Anonymous Anonymous said...

There's only two ways to handle this problem:

1) Allow people to designate exactly one (1) other person to qualify for the various and sundry benefits and privileges of being a spouse. In fact, it wouldn't even be necessary for two people to make a reciprocal declaration, but you might add that constraint. No other qualifications or constraints -- gender, place of residence, nothing -- just write down the name.

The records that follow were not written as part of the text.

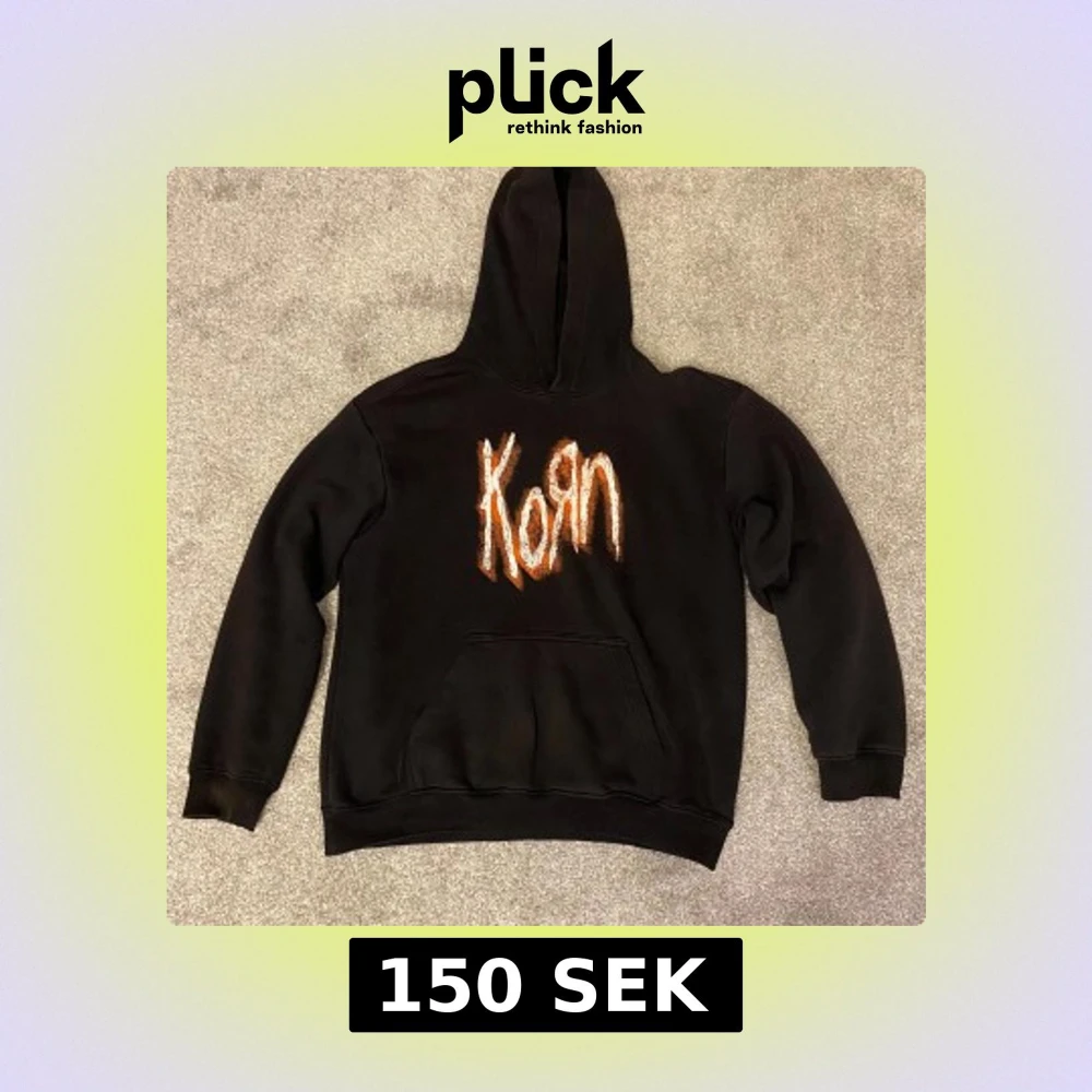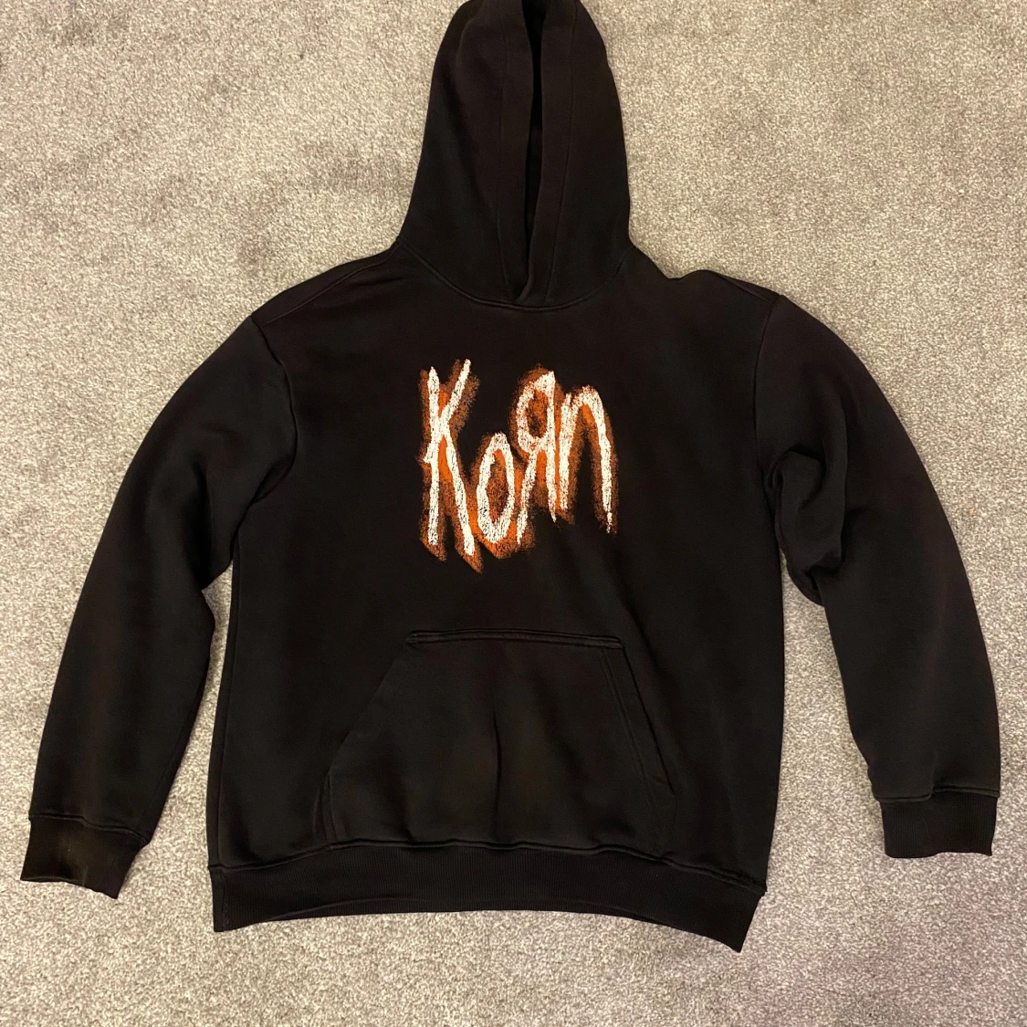 Svart hoodie med Korn. Perfekt för dig som gillar bandmerch och vill ha en skön, avslappnad stil.
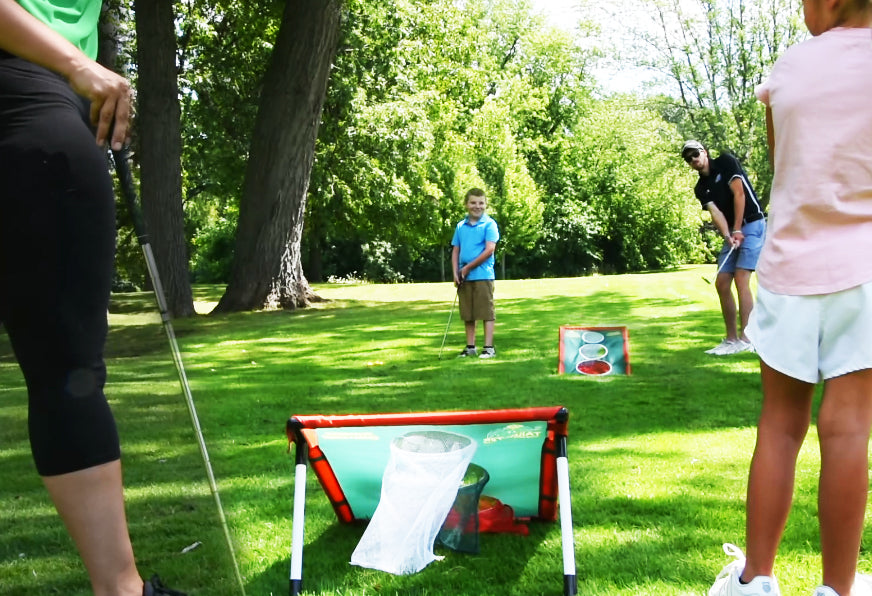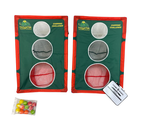 Includes 2 targets, 2 chipping mats, 12 foam balls, a dry erase scorecard, and a handy carrying case.
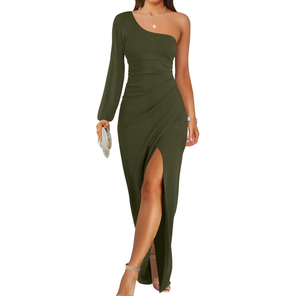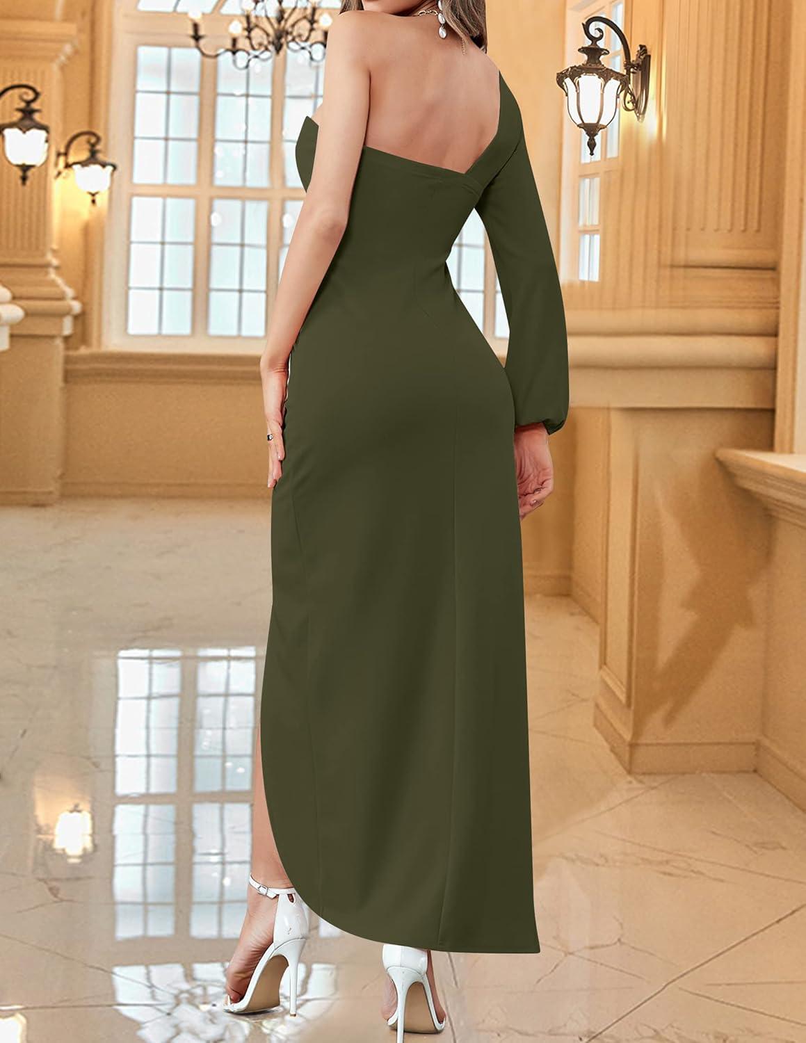 ZESICA Women's One Shoulder Long Sleeve Cocktail Dress Sexy High Slit Ruched Bodycon Wedding Guest Maxi Dresses(Armygreen)
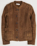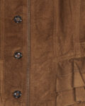Кожаная куртка в стиле бохо. Куртка выполнена из мягкой натуральной кожи тёплого коричневого оттенка. Посадка аккуратно подчёркивает силуэт за счёт рельефных швов и регулируемых ремешков на талии. Функциональные карманы с декоративными клапанами. Металлическая молния и крупные пуговицы.
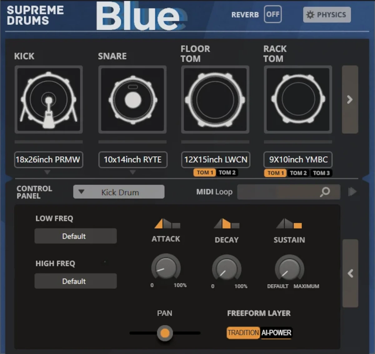 Beyond traditional playback, Supreme Drums Blue features a newly developed Physics Section, allowing users to modify drumhead and shell materials, adjust diameter and depth, fine-tune tension and tuning, and shape resonance characteristics. This modeling-based design provides near-limitless customization, empowering users to create unique drum sounds tailored to their productions.
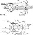 Themechanism2104 can also be coupled to a motor or other actuators (not shown) for moving theprobes2102 to a desirable position. In one embodiment, for example, thewaveguide system2100 can comprise a controller that directs the motor to rotate the probes2102 (assuming they are rotatable) to a different position (e.g., east and west) to generate electromagnetic waves that have a horizontally polarized HE11mode as shown in a block diagram2200 ofFIG. 22. To guide the electromagnetic waves onto the outer surface of theinsulated conductor2108, thewaveguide system2100 can further comprise a taperedhorn2110 shown inFIG. 21B. The taperedhorn2110 can be coaxially aligned with theinsulated conductor2108. To reduce the cross-sectional dimension of the taperedhorn2110, an additional insulation layer (not shown) can be placed on theinsulated conductor2108. The additional insulation layer can be similar to the taperedinsulation layer1879 shown inFIGS. 18Q and 18R. The additional insulation layer can have a tapered end that points away from the taperedhorn2110. The taperedinsulation layer1879 can reduce a size of an initial electromagnetic wave launched according to an HE11mode. As the electromagnetic waves propagate towards the tapered end of the insulation layer, the HE11mode expands until it reaches its full size as shown inFIG. 22. In other embodiments, thewaveguide system2100 may not need to use the taperedinsulation layer1879.
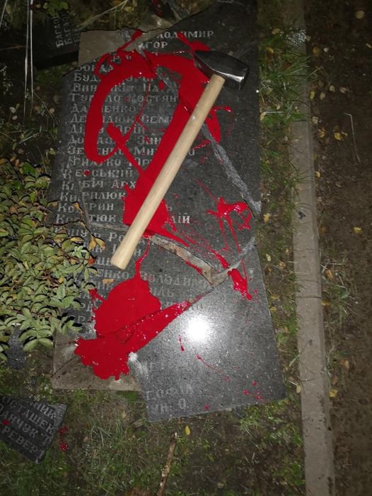 "У Бабиному Яру вчинено акт вандалізму. Так звані "невідомі особи" розбили пам'ятну плиту на якій закарбовані імена учасників Похідної Групи ОУН, яких німці розстріли у 1941-1942 роках. Пам'ятна плита, до речі, розміщена біля Пам'ятного Хреста, встановленого у 1992 році на честь Олени Теліги і українців – жертв Бабиного Яру. Уже не вперше паплюжиться святе для кожного українця місце. Пам'ятний Хрест неодноразово підпалювали, намагалися зрізати, плити трощили і обливали фарбою. І жодного разу поліція не знаходила злочинців" – написав на свій сторінці у Facebook голова Організації українських націоналістів Червак Богдан.
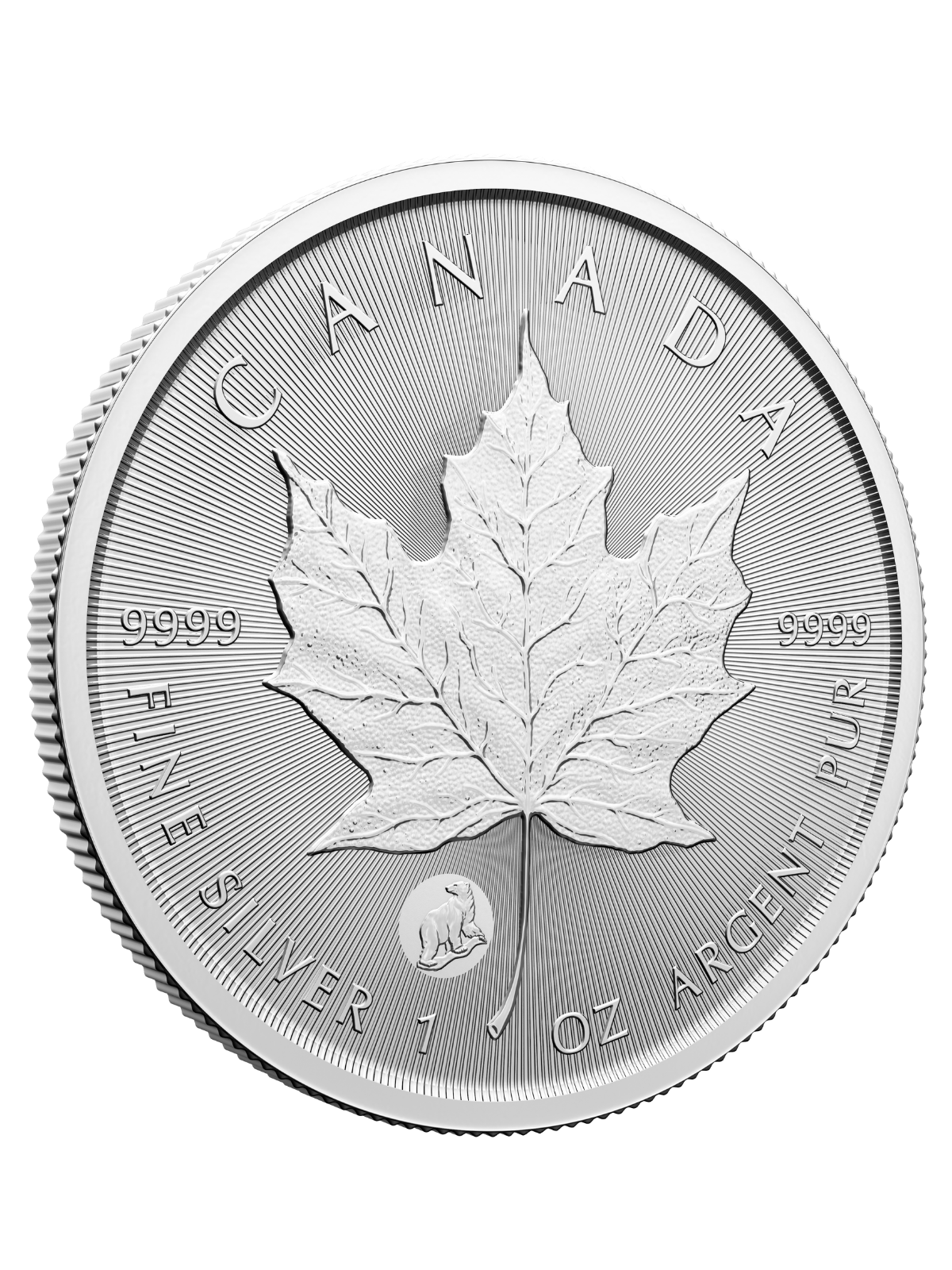 The 2024 Treasured Silver Maple Leaf First Strikes with the Polar Bear Privy Mark offer a remarkable and enduring gift option. Minted on the inaugural days of production, these bullion coins feature the new Canadian effigy of His Majesty King Charles III, embodying 99.99% pure silver excellence. The inclusion of a special polar bear privy mark distinguishes these coins, adding a touch of uniqueness for various occasions. This premium bullion collection from the Royal Canadian Mint is renowned for its strict quality standards, with First Strikes holding additional prestige for being among the initial productions. Available one month ahead of regular core bullion releases, these coins, handled with special care during manufacturing, come with cutting-edge security features, including radial lines and BULLION DNA™ technology, ensuring authenticity. With a limited mintage of 25,000 coins worldwide, these Treasured Silver Maple Leaf bullion coins are presented in eye-catching, specially designed packaging that has been redesigned for easier handling, featuring a QR code for quick access to additional information.
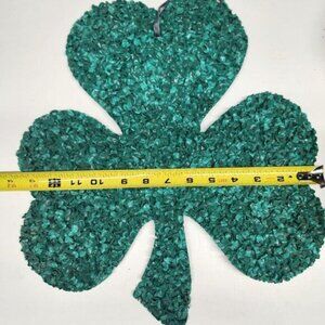 Vintage melted plastic popcorn shamrock decoration. Hanging hole on top with string loop. St. Patty's Day decoration. Approximately 15x14". St Patrick's Day green clover.
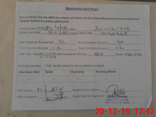 | Attendance Register | Head Teacher | MEA with School | Visit Proof |
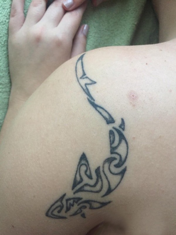 极简线条纹身 女生后肩上黑色的鲨鱼纹身图片

2) Eliminate all the biases in favor of marriage, so that it of absolutely no relevance whether or not you have a relationship, much less exactly what or with whom. The question becomes irrelevant when there's no benefit to be gained. You don't have to worry about selling your privacy for a tax deduction or automatic power of attorney.

1:51 PM  
Blogger exMI said...

I suspect people would prefer the first over the second. Although I agree that either would work. The only problem with 1 would be then getting children of the "couple" covered.

7:12 AM  
Blogger The Zombieslayer said...

The thing that was WRONG is that when filling out the forms for this you were required to affirm that they are in a "non platonic" relationship. In other words, they had to affirm that they are having sex.

True. That's an invasion of privacy. Plus, what about loving, committed couples that don't have sex. I have some old people in mind, but also what about people who are asexual but still in love?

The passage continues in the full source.